Lord of Temptation(Lost Lords of Pembrook,Book 2)(77) by Lorraine Heath
The couple of weeks that had passed since she’d last seen him had left her wanting. Dancing with him earlier, meeting with him now was only serving to reignite a flame she had been working to douse. He had to leave her be. They could no longer have any association. Because it only made things more difficult all the way around. It threatened her resolve to carry on. She had moved past Walter. Now she needed to move beyond Tristan.
But when a strong arm snaked around her waist and drew her into the darker shadows of the garden, when a mouth covered hers with purpose, when her curves were pressed against the familiar hard lines and planes, she sank into him with nary a protest. It was marvelous to be surrounded by his unique fragrance, to have his taste teasing her tongue, to have his hands stroking her shoulders, cupping her breasts, to hear his groans mingling with her sighs.
“Damn, but I’ve missed you,” he rasped as he dragged his mouth along her throat and lower, where the swells of her breasts awaited his questing lips.
Heat spiraled through her and her knees weakened. Why did she have so little control when he was near? Why did she have to yearn for what she could never fully hold? She didn’t want to not have moments of passion like this, but they would be too few and far between. Loneliness was a bitter companion. It wouldn’t hold her on cold nights. It wouldn’t comfort her when sorrows struck. It wouldn’t celebrate with her moments worth remembering.
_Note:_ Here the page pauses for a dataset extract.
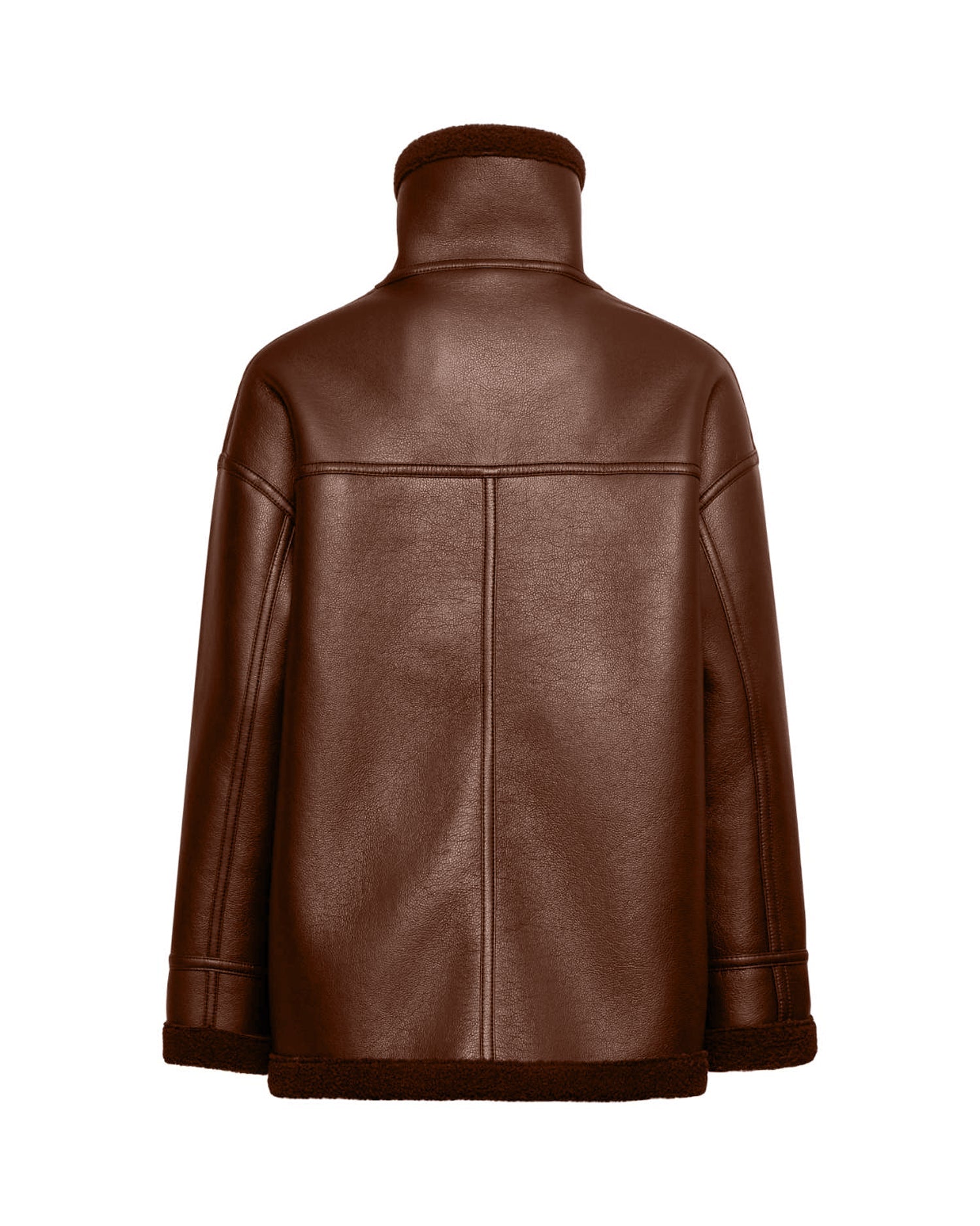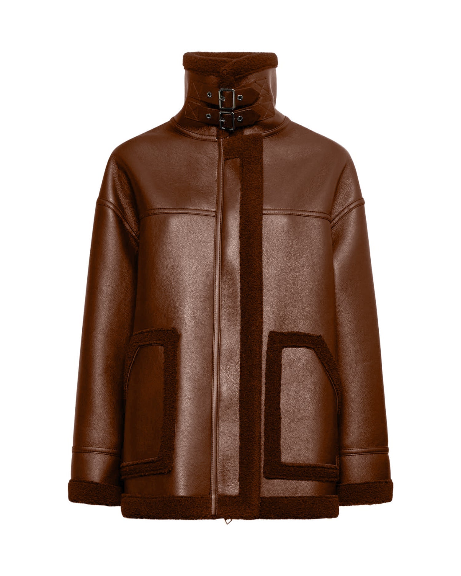 Una giacca strutturata dal look contemporaneo, con finitura effetto shearling opaco e inserti a contrasto. Il collo alto con fibbia aggiunge carattere e funzionalità.
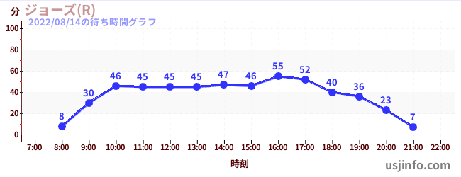 • ジョーズ(R)$B$N(B2022年08月14日の待ち時間

Tristan had left the ballroom and Chetwyn had taken his place: talking with her, dancing with her, fetching her some refreshment. He would be there until she left. That it was his home barely signified. What mattered was that he would always be within easy reach. She wouldn’t be sitting somewhere wondering where he was. She would always know. She wouldn’t be worrying that he was brawling with some ruffians or fighting some tempest that might break the ship apart. With Tristan she would spend her life in uncertainty.
She had done that once with Walter. She knew the strain that the constant not knowing placed on her. It aged her. It killed her spirit. It left her in perpetual mourning.
“Chetwyn is advancing his suit.”
Tristan stilled, his mouth pressed to the hollow at her throat, one hand cupping her backside, the other her breast. She felt the bulge in his trousers nudging against her belly. She listened to his harsh breathing in the stillness of the night.
“You’re going to marry him?” he asked flatly.
“Perhaps, if he asks. I don’t know.”
“But we can have tonight.”
“No. Having decided my course, it wouldn’t be fair to him for me to stray from it. Even for another night with you.”
Even though he did little more than release her, she staggered back. She hadn’t realized how much she’d been leaning on him.
“Yet here you are with me in the garden.”
He snagged her waist, brought her back in, and captured her mouth with unerring accuracy. She heard a moan, realized it came from her as she met his questing tongue with hers. Her arms were entwined around his neck, her fingers tangled in his hair, her body straining to be even nearer.
“You can’t resist me,” he said.
It was the triumph in his voice that had her shoving away from him. Arrogant cad. She was weak where he was concerned. She wanted to shriek. She wanted to pound her fists against his chest. She wanted to tell him that he held the power to destroy her.
“I can’t deny that there is an attraction and that you are extremely skilled when it comes to delivering pleasure, but my future is with Chetwyn.”
“Give me tonight, Anne. Give us tonight. On the ship.”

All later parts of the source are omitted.